“non-toxic” plausibly means “not harmful to people, animals, or environment”

In re S.C. Johnson & Son, Inc. Windex Non-Toxic Litig.,
2021 WL 3191733, No. 20-cv-03184-HSG (N.D. Cal. Jul. 28, 2021)

Plaintiffs alleged that SCJ used false and misleading labels
that certain of its Windex products have a “non-toxic formula.” The products
allegedly contain ingredients that are toxic to humans, animals, and/or the
environment: they can allegedly cause “severe ocular irritation,” “skin and eye
irritation,” “damage to certain plants and seedlings,” “conjunctivitis and
corneal damage,” “headaches,” “breathing difficulties,” “erythema,
desquamation, and drying of the skin,” and “fissuring.” They brought the usual
California claims.

The court determined that the products were similar enough
to be grouped together despite having some varying ingredients, and that
plaintiffs had standing for injunctive relief. Factual issues about what counts
as toxic—and whether, as the FTC says, a product could be labeled non-toxic if
it had small amounts of an ingredient at a level that is not harmful to humans
or the environment—were not for the motion to dismiss stage.
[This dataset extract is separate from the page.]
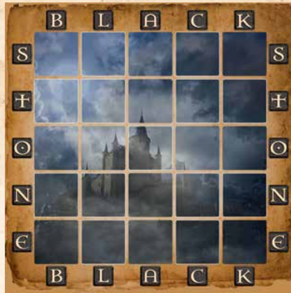
Blackstone Castle game board
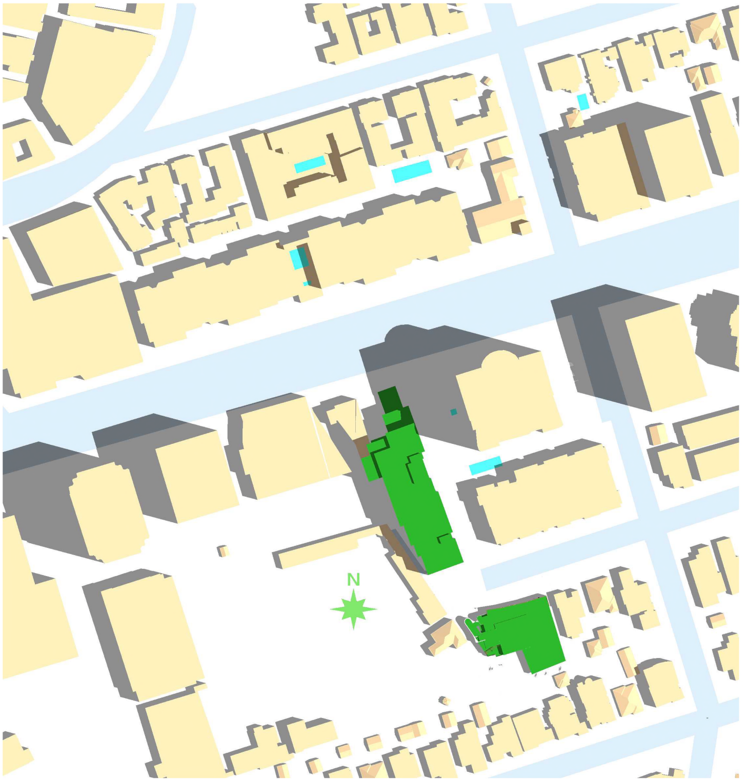
Summer Solstice Shading Diagram 10 a.m.

The key question is whether a reasonable consumer would be
misled by the term “non-toxic” into thinking that the Products “[do] not pose
any risks to humans or the environment, including household pets.” SCJ relied
on a definition of “toxic” from the Merriam-Webster Dictionary, and contends
that it “means that a substance is ‘poisonous’ or ‘capable of causing death or
serious debilitation.’ ” And the FTC’s Green Guides explain that:

[T]here is no allowance for “de minimis” or “trace”
toxicity. However, a non-toxic product could contain a toxic substance at a
level that is not harmful to humans or the environment. For example, apple
seeds contain cyanide. Although a marketer could not claim that cyanide itself
is non-toxic, the amount in an apple is so low that it is not harmful to humans
or the environment, and so the marketer could claim the apple is non-toxic.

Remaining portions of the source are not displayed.